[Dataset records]

__________________________________________________

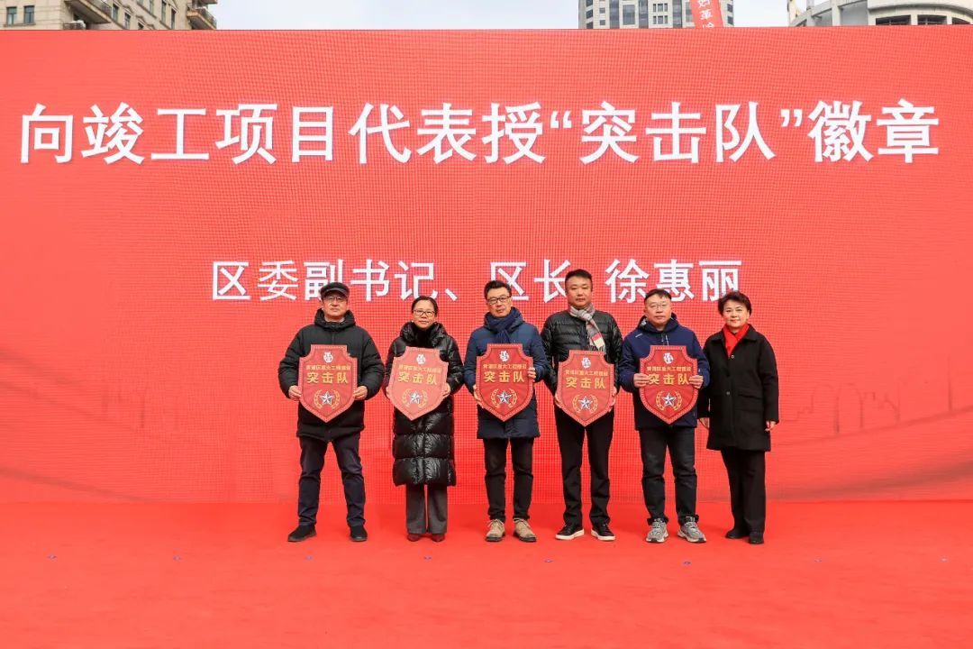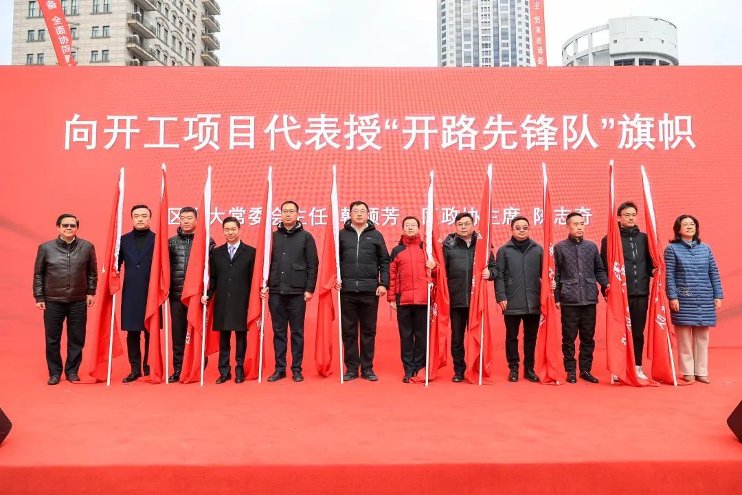 仪式上,区人大常委会主任韩顺芳和区政协主席陈志奇为嘉里建设集团卓颢置业有限公司、城市发展中国有限公司、上海金心置业公司、上海城投置地公司、久事集团新圆坊置业公司、区绿化市容局、上海新世界集团新丸公司、永业集团、新黄浦实业集团公司、区市政工程管理所等10个新开工项目代表授“开路先锋队”旗帜;区委副书记、区长徐惠丽为香港新世界集团新世代淮中商业发展有限公司、上海鼎霖房地产开发有限公司、区文化旅游局、南房集团、区市政工程管理所等5个竣工项目代表授“突击队”徽章;区委常委、副区长徐知通报并部署2025年全区重大工程建设推进工作。
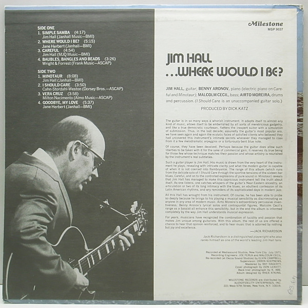 美しいタイトルナンバー "WHERE WOULD I BE?" 白熱のインタープレイが堪能できる名セッション "MINOTAUR"、AIRTO MOREIRAが参加した "VERA CRUZ" の好アレンジ等を収録した'72年作品。JIM HALL(g) BENNY ARONOV(p) MALCOLM CECIL(b) AIRTO MOREIRA(ds/per)
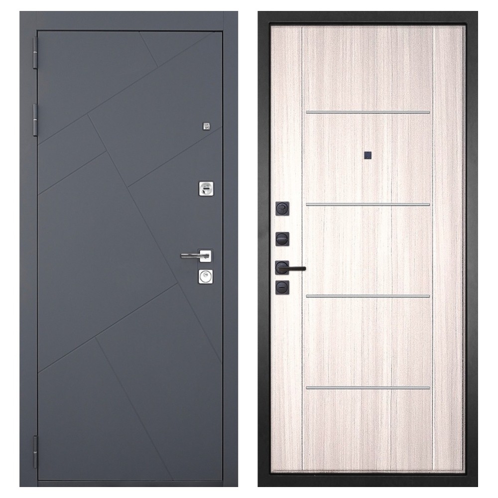 Дизайн и отделка: Металлическая конструкция окрашена в цвет «Серый муар» — прочное полимерно-порошковое покрытие, устойчивое к износу и царапинам. МДФ-наличники и квадратная фурнитура цвета «Хром» создают современный, лаконичный облик.
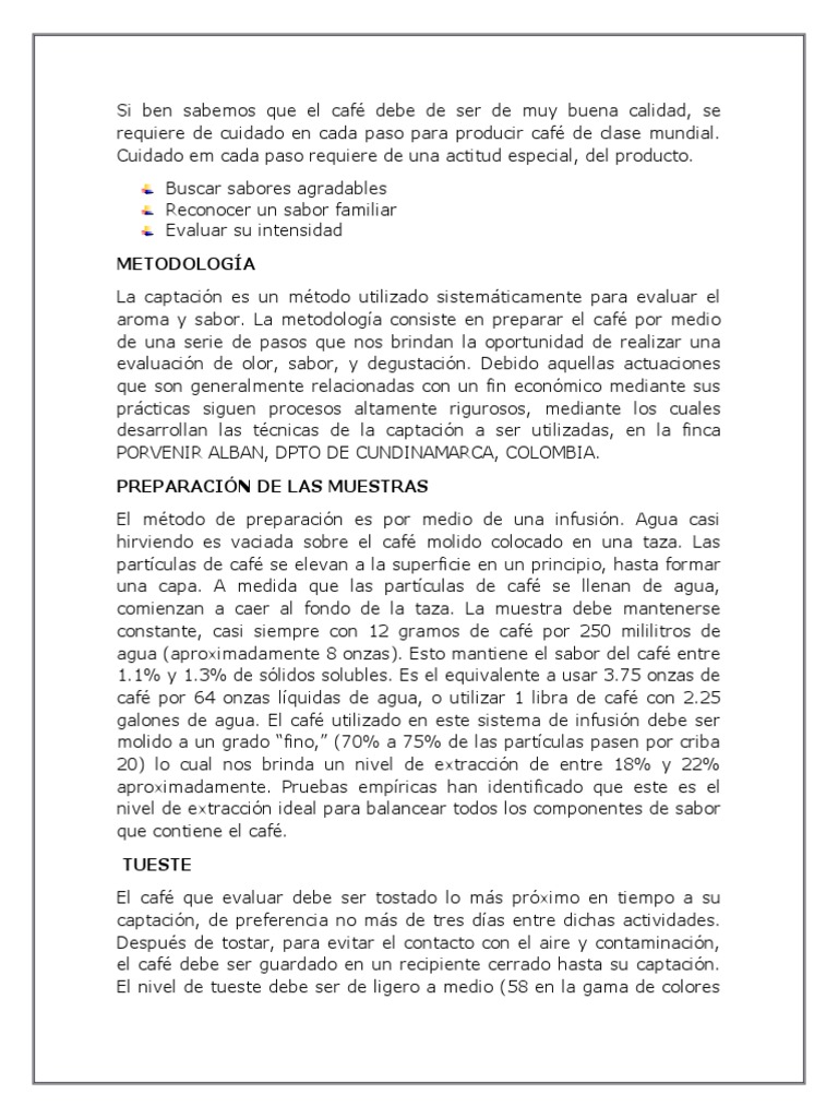 aroma y sabor. La metodología consiste en preparar el café por medio
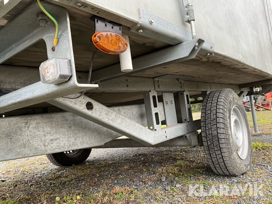 For sheds and containers (10 feet and larger), loading assistance can be purchased. Payment is made either by invoice or by card at the seller's location. The cost per lift is SEK 500 + VAT.
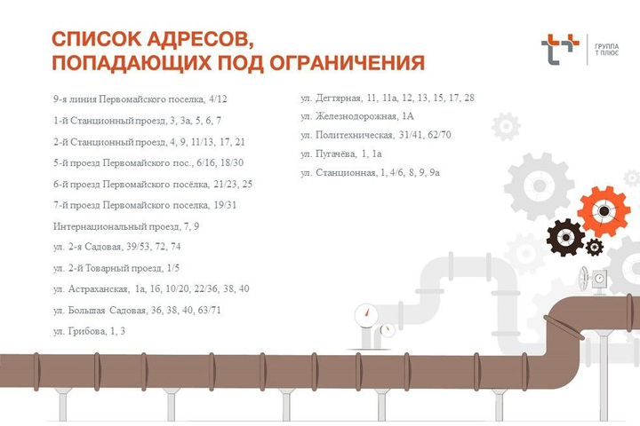 С 9 октября горячее водоснабжение будет ограничено в Заводском районе. До конца дня 10 октября «Т Плюс» будет чинить отрезок теплосети на Заречной. Также завтра в течение дня планируются работы в Ленинском районе — на улице Бережной.
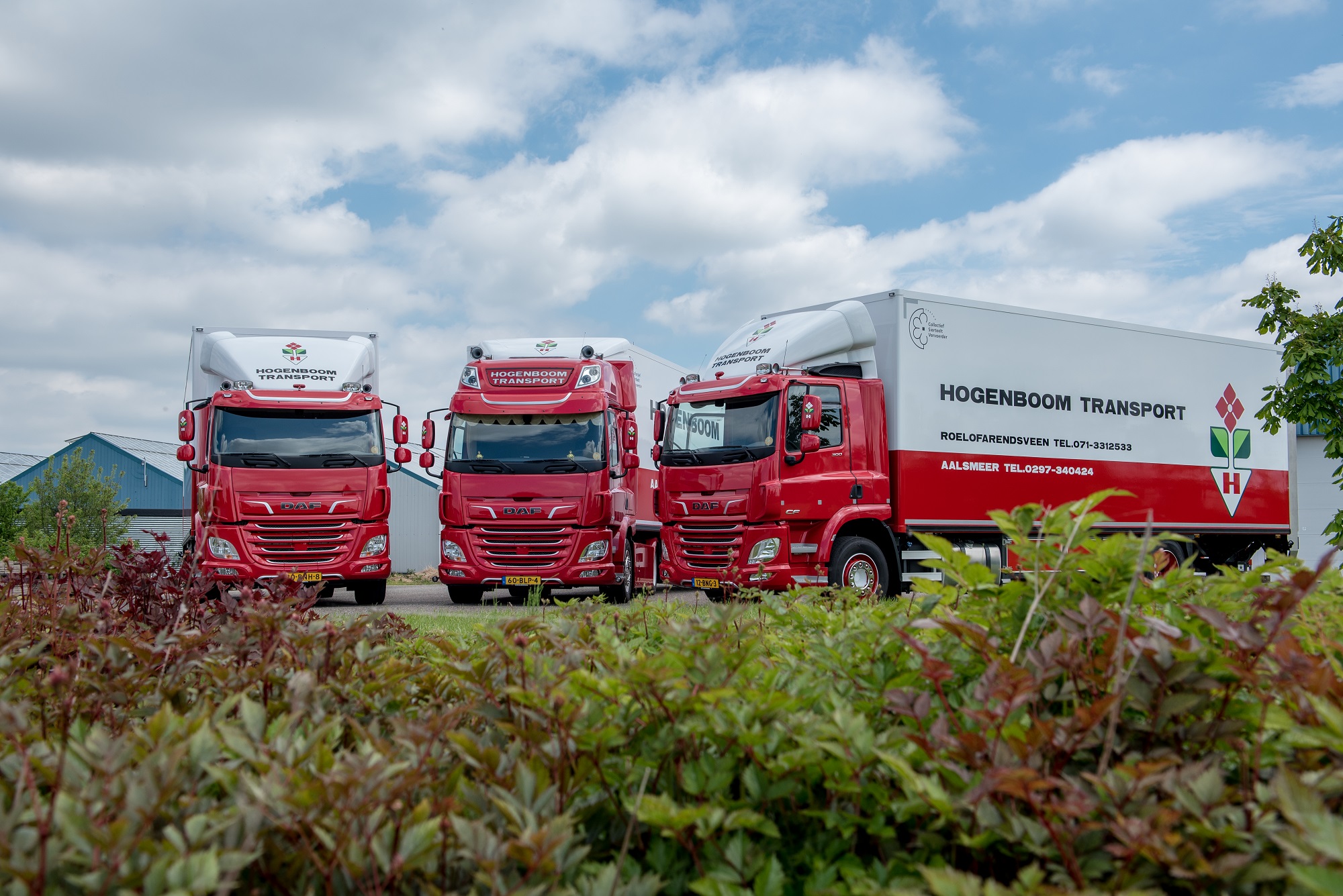 Hogenboom Transport draait al wat jaren mee. Het transportbedrijf is opgericht in 1925 en inmiddels is de leiding van dit familiebedrijf in handen van de derde generatie. Het bedrijf zit in de sierteelt: het transport van bloemen en planten. “Je vindt ons vaak bij de veilingen in Rijnsburg, Aalsmeer en Naaldwijk. Met vracht naar de veiling van de kwekers en in een strak tijdsschema letterlijk op slag van de veilingklok met zoveel mogelijk volle vracht naar tal van afnemers, zoals tuincentra. We zijn er zeer bedreven in en dat geldt ook voor de chauffeurs. We hebben een wagenpark van zestien bakwagens en zeven trekkers met trailer. Per jaar leggen de bakwagens tussen de 40 en 45 duizend kilometer af en de trekker wat meer, rond de 60 duizend kilometer.”
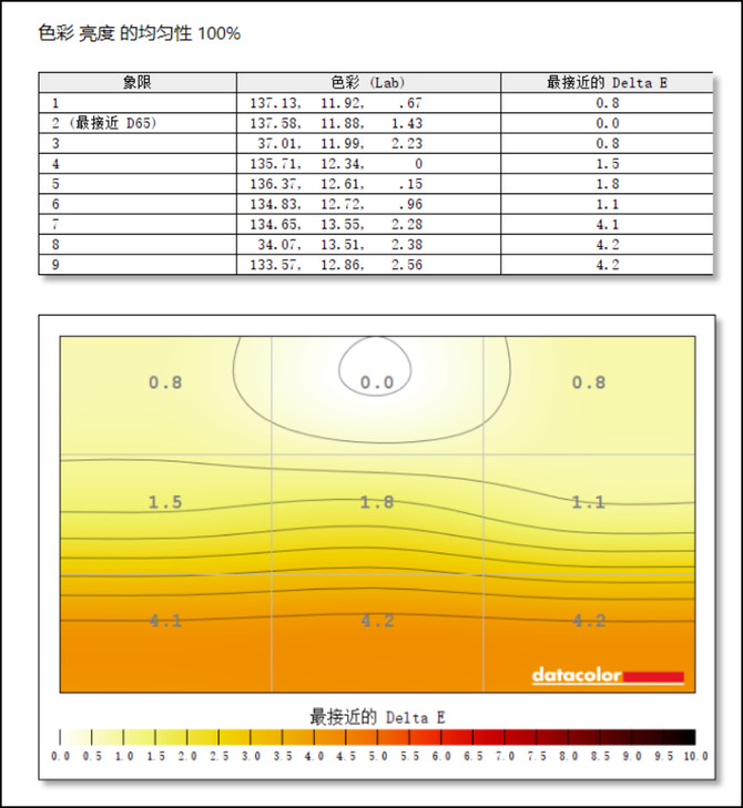 在色彩均匀性的测试中,可以看出显示器的中上区域最接近D65的标准,上、下区域的色彩均匀呈现过渡性,与标准色温最大差距数值4.2,该数值在3.2~6.5之间时,只有经过专业训练的人士可以辨別其不同,大多普通人是观察不到其中的差异的,达到专业级显示器的标准。
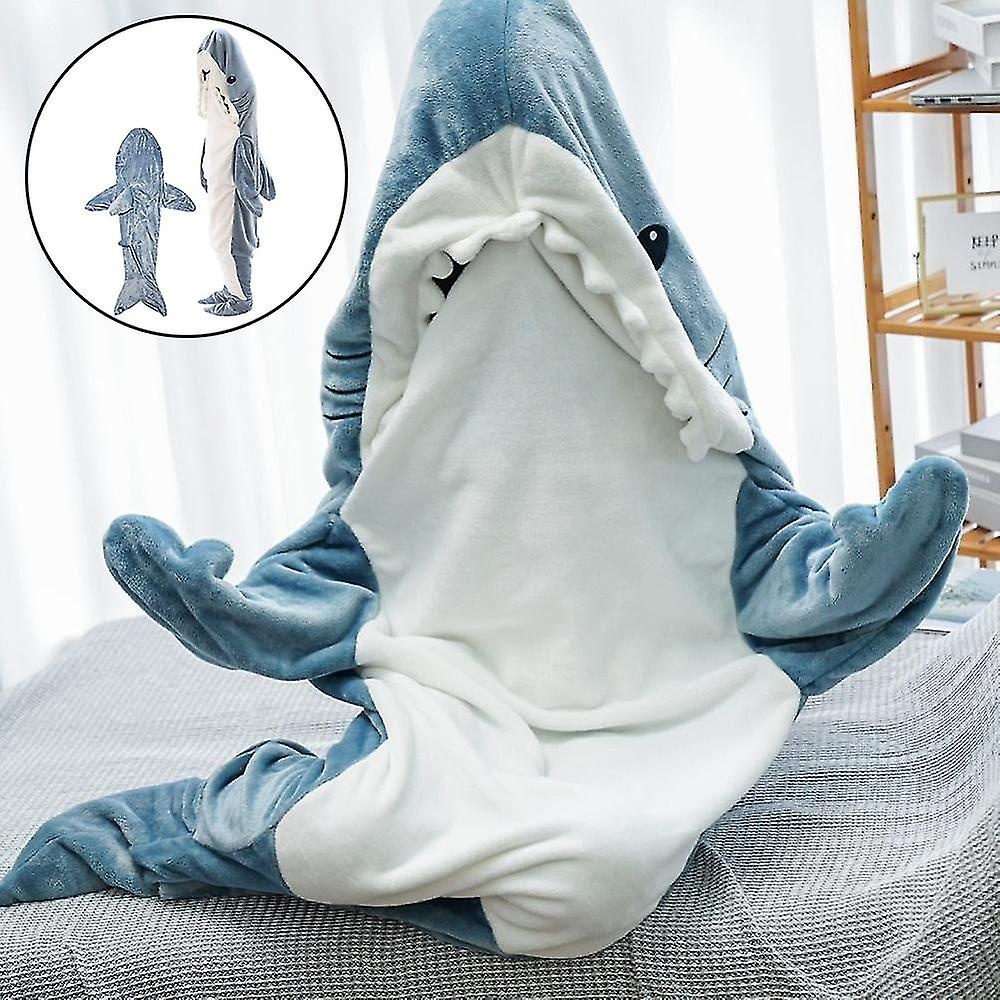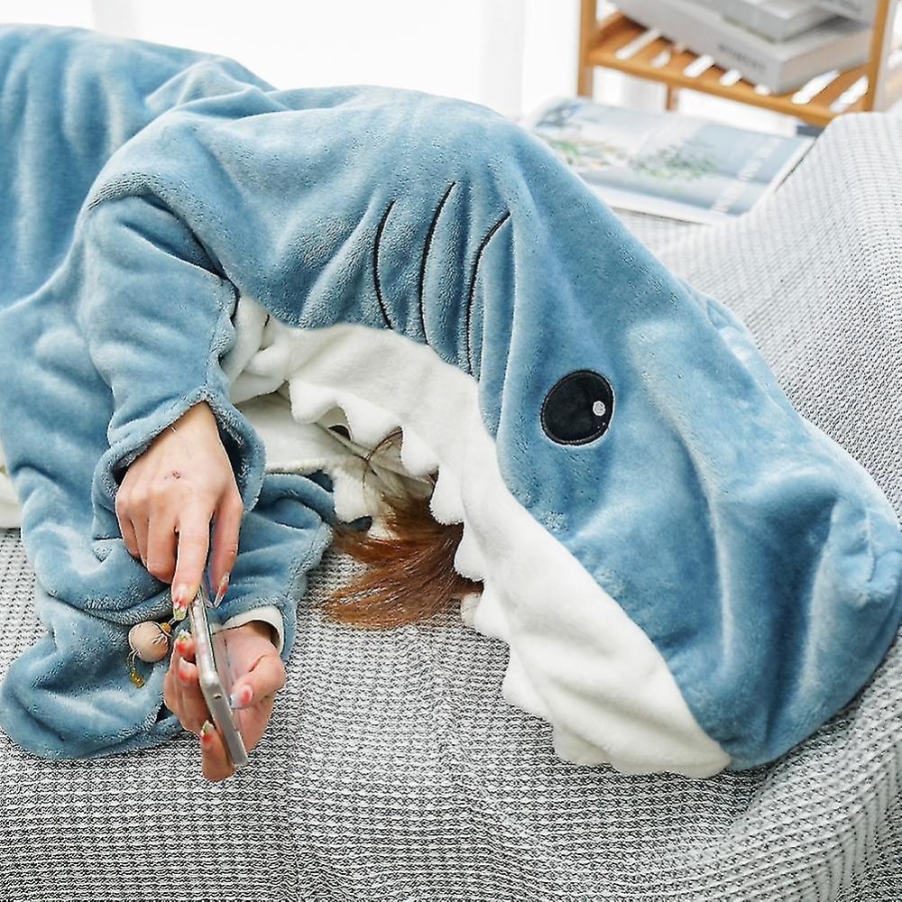 Cozy blanket costume shaped like a friendly shark.

__________________________________________________

REQUIRED ACTION -> Please, leaving out all pictures, transcribe exactly the lines above from the one containing "在色彩均匀性的测试中,可以看" through the final line, both included.

RESULT ->
 在色彩均匀性的测试中,可以看出显示器的中上区域最接近D65的标准,上、下区域的色彩均匀呈现过渡性,与标准色温最大差距数值4.2,该数值在3.2~6.5之间时,只有经过专业训练的人士可以辨別其不同,大多普通人是观察不到其中的差异的,达到专业级显示器的标准。
 Cozy blanket costume shaped like a friendly shark.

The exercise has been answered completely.